*Exercise goal*
Find the line with "1年生と6年生が運動会の団体" in the entries below, then output every line from it down to the line with "British Sheepskin Cushion, Double", exactly and with no pictures.

*Available records*
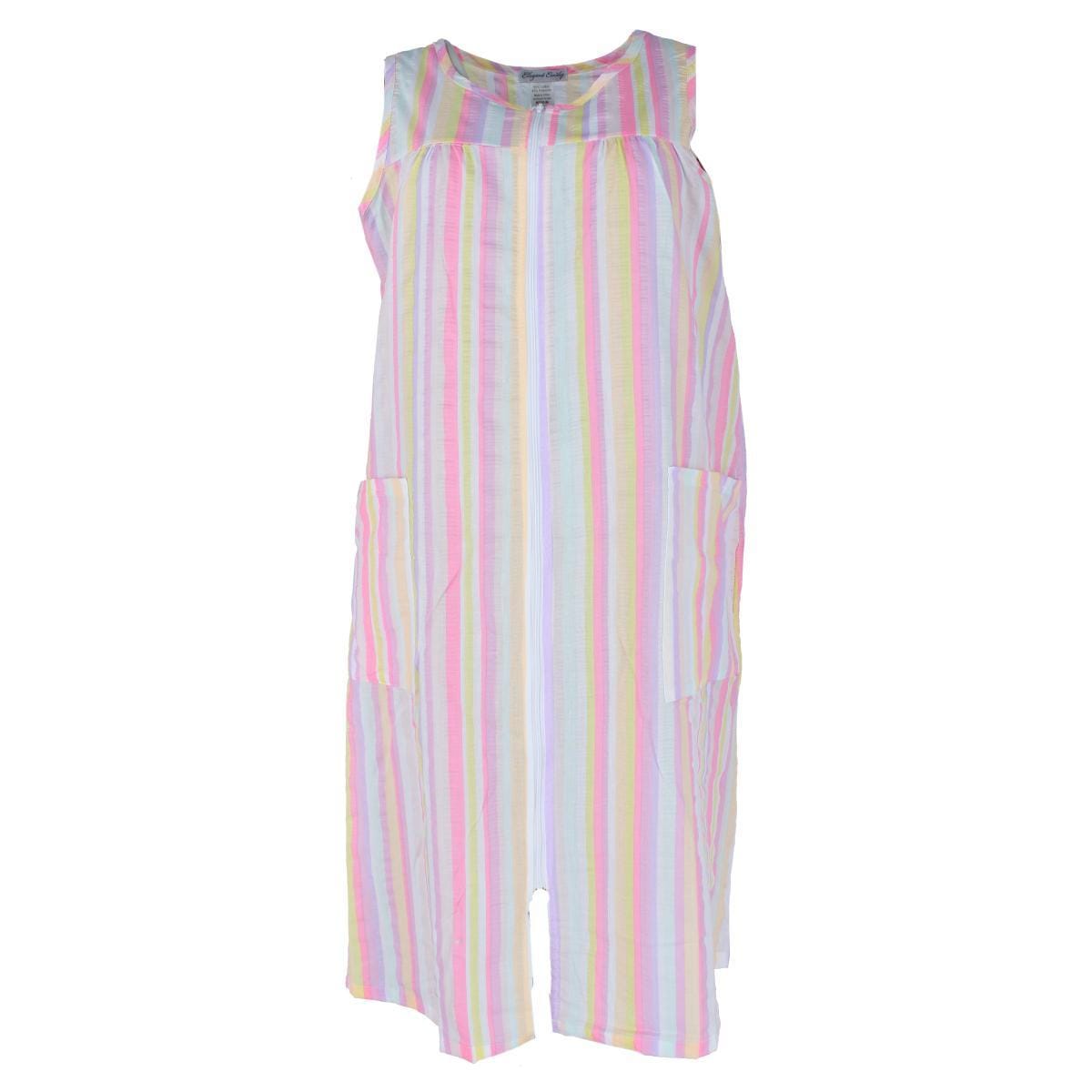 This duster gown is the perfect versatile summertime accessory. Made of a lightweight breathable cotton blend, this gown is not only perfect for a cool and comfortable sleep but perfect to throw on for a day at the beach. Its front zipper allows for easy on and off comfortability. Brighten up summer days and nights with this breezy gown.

* * *

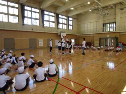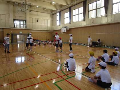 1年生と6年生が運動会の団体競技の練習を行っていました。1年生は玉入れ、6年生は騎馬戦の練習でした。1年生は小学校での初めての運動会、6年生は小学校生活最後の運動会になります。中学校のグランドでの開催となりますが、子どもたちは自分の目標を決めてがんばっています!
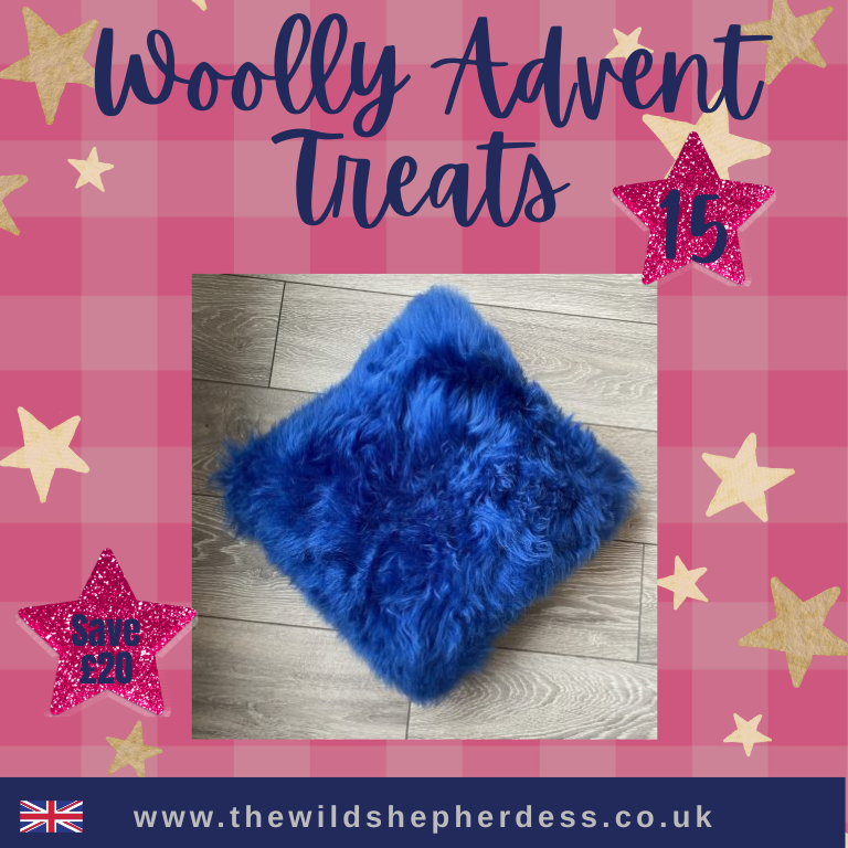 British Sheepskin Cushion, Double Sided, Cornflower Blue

*Result for this exercise*
 1年生と6年生が運動会の団体競技の練習を行っていました。1年生は玉入れ、6年生は騎馬戦の練習でした。1年生は小学校での初めての運動会、6年生は小学校生活最後の運動会になります。中学校のグランドでの開催となりますが、子どもたちは自分の目標を決めてがんばっています!
 British Sheepskin Cushion, Double Sided, Cornflower Blue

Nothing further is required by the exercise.